In a pre-dawn announcement, election officials named Mr Tshisekedi, son of the country's long-term opposition leader, provisional winner of the troubled vote to replace President Joseph Kabila.
The news brought thousands of supporters onto the streets while others who had backed his opposition rival Martin Fayulu came out in protest.
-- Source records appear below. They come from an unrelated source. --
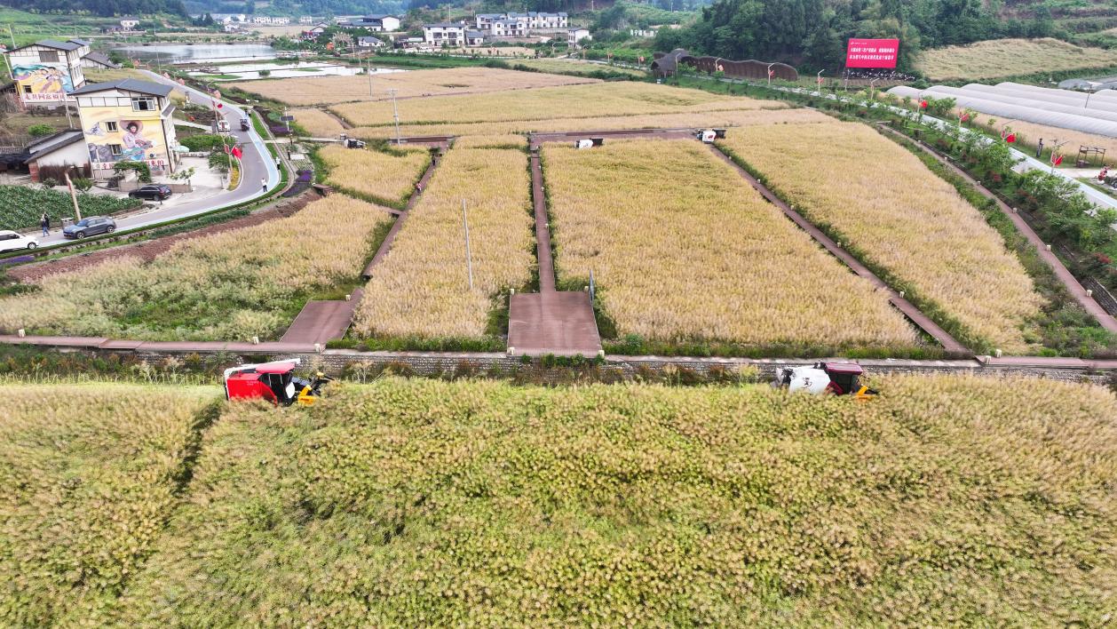 “正常机械损失率在20%,我们通过调整收割机滚筒转速、筛网间隙等参数,将油菜籽损失率控制在10%以内,让‘颗粒归仓’有了技术保障。”收割现场,四川下泥巴人农业科技有限公司负责人介绍,一台收割机日均作业50亩以上,效率是人工收割的数十倍。更关键的是,机械化收割实现了“收割-脱粒-秸秆还田”一次完成,粉碎还田的秸秆还能增加土壤有机质含量。
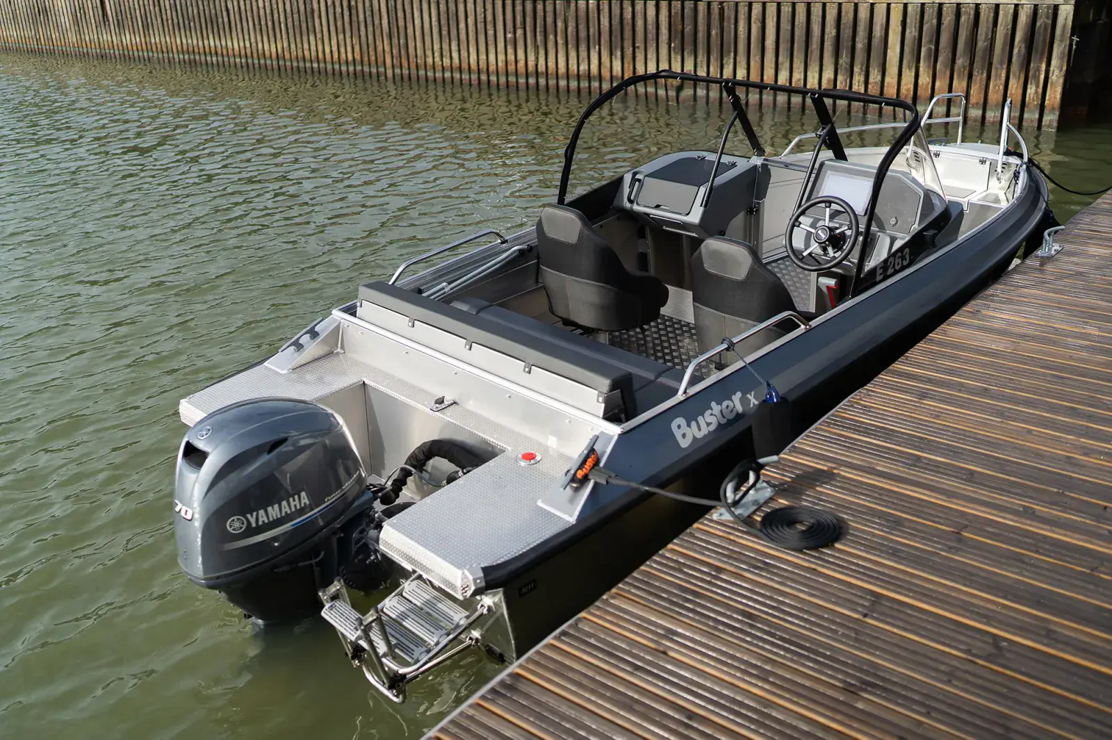 Buster X er den perfekte båten for alle dem som verdsetter et aktivt og mangesidig båtliv. En stor, slett dørk gjør det enkelt å bevege seg om bord og finne fiskemuligheter til mange. Et skrog med gode sjøegenskaper tar deg og fiskekompisene dine raskt frem til avsidesliggende fiskeplasser. Fast bensintank som rommer 100 liter gjør at du ikke trenger å bekymre deg om rekkevidden.
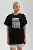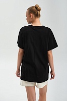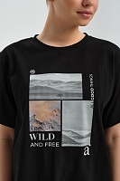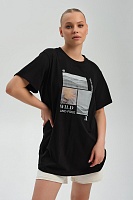 Футболка удлиненная оверсайз с принтом Altai woman Черный/Туман
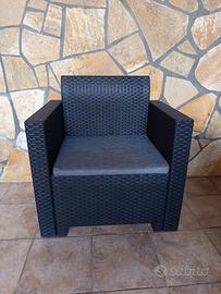Salotto da giardino in rattan. 1 sofà 2 posti + 2 poltrone + 1 tavolino.
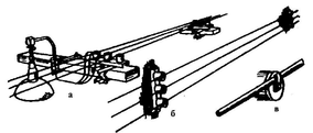 Провода закрепляют на штыревых изоляторах вязальной оцинкованной проволокой, на троллейных—промежуточными и концевыми держателями.
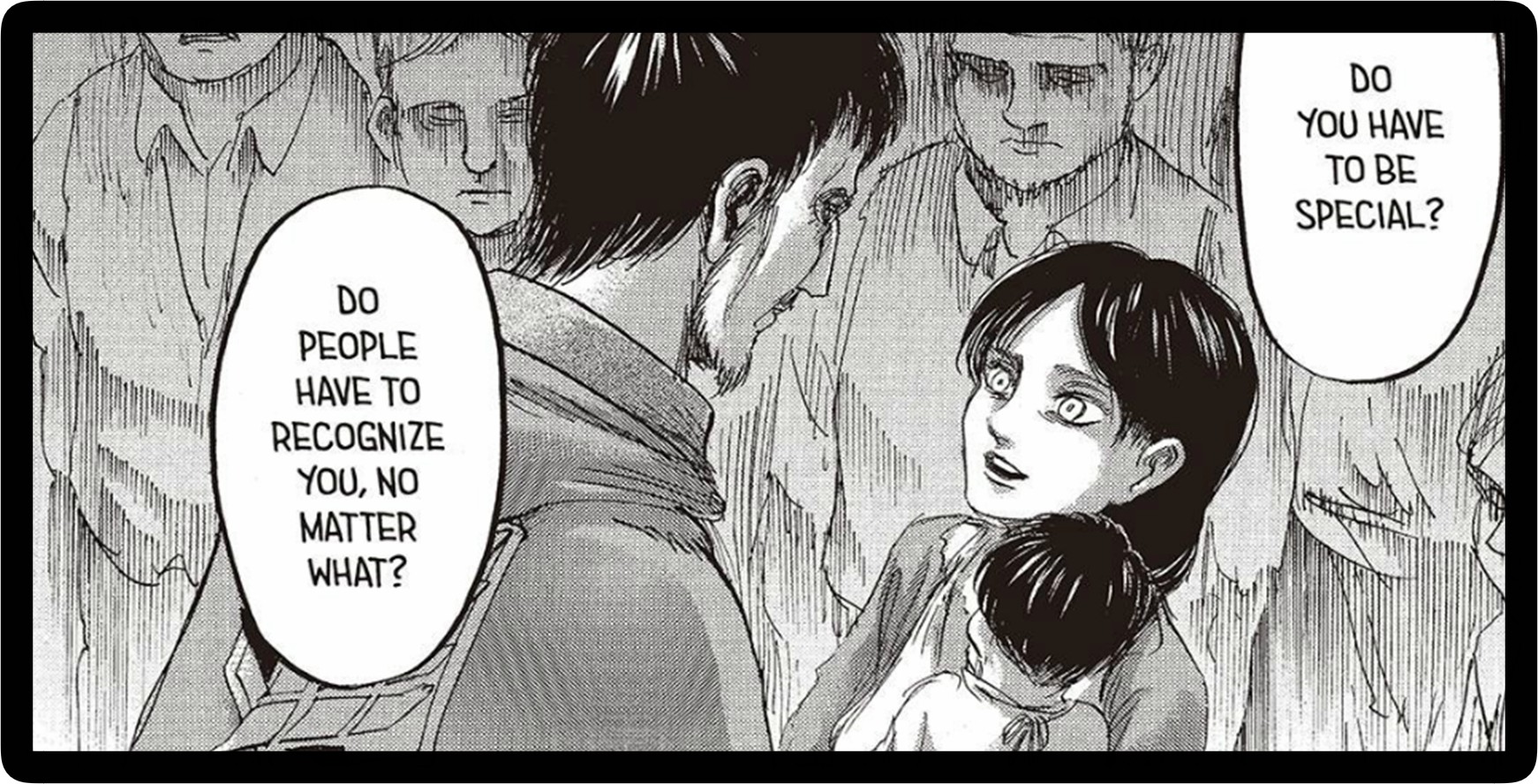 “Do you have to be special? Do people have to recognize you no matter what?” Gazing at the small Eren Yeager in her arms, Carla continues, “He doesn’t need to become great. Just look at him… He’s already great because he was born into this world.”
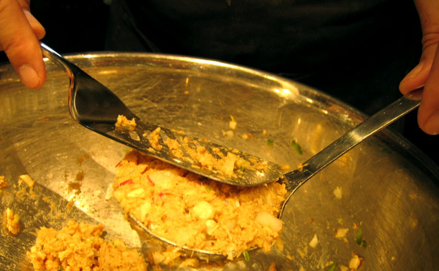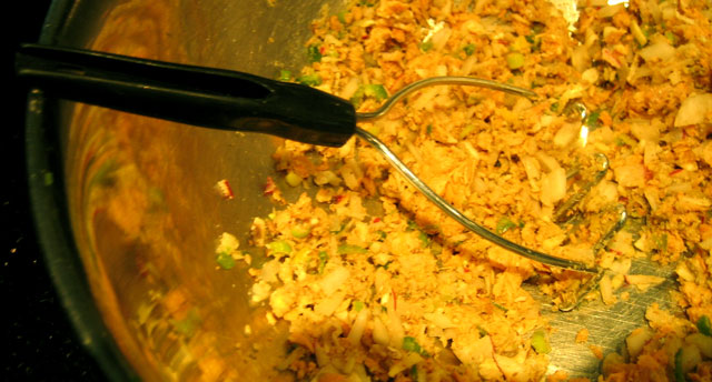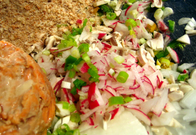 Mix together salmon, bread crumbs, garlic, lemon rind, salt & pepper, and additional vegetables.

Four people died in unrest.
Mr Fayulu, who came a close second, denounced the result as an "electoral coup".
The Democratic Republic of Congo's influential Catholic church also said Mr Tshisekedi's victory did not tally with data collected by its own monitors.
"These results have nothing to do with the truth at the ballot box," Mr Fayulu told Radio France International.
"They have stolen the Congolese people's victory and the people will never accept that."
At stake is political stewardship of the notoriously unstable central African nation, which has never known a peaceful transition of power since independence from Belgium in 1960.
Election chief Corneille Nangaa declared Mr Tshisekedi the winner with 38.57% of the 30 December vote, just ahead of Mr Fayulu with 34.8%.
Mr Kabila's preferred successor, Emmanuel Ramazani Shadary, came a distant third with 23.8%.
Results of parliamentary elections, which were held alongside the presidential vote, are expected this evening and the pro-Kabila majority are already claiming to have won the house.
The last two elections in 2006 and 2011, both of which were won by Mr Kabila, were marred by bloodshed, and many fear a repeat of the violence if the result lacks credibility.
Two civilians and two policemen were killed yesterday and another 10 people injured when a protest erupted in the western city of Kikwit, a Fayulu stronghold, police said.